3. En deuxième lieu, aux termes de l'article 41 de la charte des droits fondamentaux de l'Union européenne : " 1. Toute personne a le droit de voir ses affaires réglées impartialement, équitablement et dans un délai raisonnable par les institutions et organes de l'Union. / 2. Ce droit comporte notamment : / - le droit de toute personne d'être entendue avant qu'une mesure individuelle qui l'affecterait défavorablement ne soit prise à son encontre (...) ". Et aux termes de l'article 51 de cette charte : " 1. Les dispositions de la présente Charte s'adressent aux institutions et organes de l'Union dans le respect du principe de subsidiarité, ainsi qu'aux Etats membres uniquement lorsqu'ils mettent en œuvre le droit de l'Union. En conséquence, ils respectent les droits, observent les principes et en promeuvent l'application, conformément à leurs compétences respectives. / (...) ". Il résulte de la jurisprudence de la Cour de Justice de l'Union européenne que cet article s'adresse non pas aux États membres mais uniquement aux institutions, organes et organismes de l'Union. C..., il résulte également de la jurisprudence de la Cour de justice que le droit d'être entendu fait partie intégrante du respect des droits de la défense, principe général du droit de l'Union. Il appartient aux États membres, dans le cadre de leur autonomie procédurale, de déterminer les conditions dans lesquelles le respect de ce droit est assuré. Ce droit se définit comme celui de toute personne de faire connaître, de manière utile et effective, son point de vue au cours d'une procédure administrative avant l'adoption de toute décision susceptible d'affecter de manière défavorable ses intérêts. Il ne saurait cependant être interprété en ce sens que l'autorité nationale compétente est tenue, dans tous les cas, d'entendre l'intéressé lorsque celui-ci a déjà eu la possibilité de présenter, de manière utile et effective, son point de vue sur la décision en cause. Une atteinte au droit d'être entendu n'est susceptible d'affecter la régularité de la procédure à l'issue de laquelle une décision faisant grief est prise que si la personne concernée a été privée de la possibilité de présenter des éléments pertinents qui auraient pu influer sur le contenu de la décision, ce qu'il lui revient, le cas échéant, d'établir devant la juridiction saisie.
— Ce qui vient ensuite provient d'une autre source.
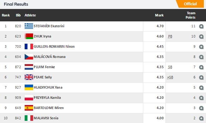 Αναλυτικά, τα αποτελέσματα στο επί κοντώ γυναικών:

4. Si M. A... soutient qu'il n'a pas été entendu préalablement à l'édiction des mesures contestées, ni informé de la possibilité de produire des observations écrites, il ressort des pièces du dossier, notamment de ses propres écritures, qu'il a été interrogé par un officier de police judiciaire et qu'il a pu s'exprimer sur les conditions de son entrée et de son séjour en France, sur sa situation administrative, ses ressources et le pays vers lequel il souhaitait être reconduit. Ainsi, il a pu faire connaître les observations pertinentes relatives à sa situation personnelle et il ne soutient pas qu'il aurait pu faire valoir d'autres éléments de nature à influer sur la décision prise à son encontre. Par suite, le requérant n'est pas fondé à soutenir que son droit à être entendu et à présenter des observations écrites et orales auraient été méconnu par le préfet de la Seine-Saint-Denis.

5. En troisième lieu, M. A... soutient que le préfet de la Seine-Saint-Denis aurait dû l'admettre exceptionnellement au séjour en application de l'article L. 313-14 alors en vigueur du code de l'entrée et du séjour des étrangers et du droit d'asile. Cependant, ces dispositions ne prévoient C... pas la délivrance de plein droit d''un titre de séjour, et il est constant que l'intéressé n'a jamais sollicité la régularisation de sa situation à ce titre. Le moyen doit donc être écarté comme inopérant.

6. En quatrième lieu, aux termes des stipulations de l'article 8 de la convention européenne de sauvegarde des droits de l'homme et des libertés fondamentales : " 1° Toute personne a droit au respect de sa vie privée et familiale, de son domicile et de sa correspondance ; 2° Il ne peut y avoir ingérence d'une autorité publique dans l'exercice de ce droit que pour autant que cette ingérence est prévue par la loi et qu'elle constitue une mesure qui, dans une société démocratique, est nécessaire à la sécurité nationale, à la sûreté publique, au bien-être économique du pays, à la défense de l'ordre et à la prévention des infractions pénales, à la protection de la santé ou de la morale ou à la protection des droits et libertés d'autrui. ". Par ailleurs, aux termes de l'article 3-1 de la convention de New York relative aux droits de l'enfant : " Dans toutes les décisions qui concernent les enfants, qu'elles soient le fait d'institutions publiques ou privées de protection sociale, des tribunaux, des autorités administratives ou des organes législatifs, l'intérêt supérieur de l'enfant doit être une considération primordiale ".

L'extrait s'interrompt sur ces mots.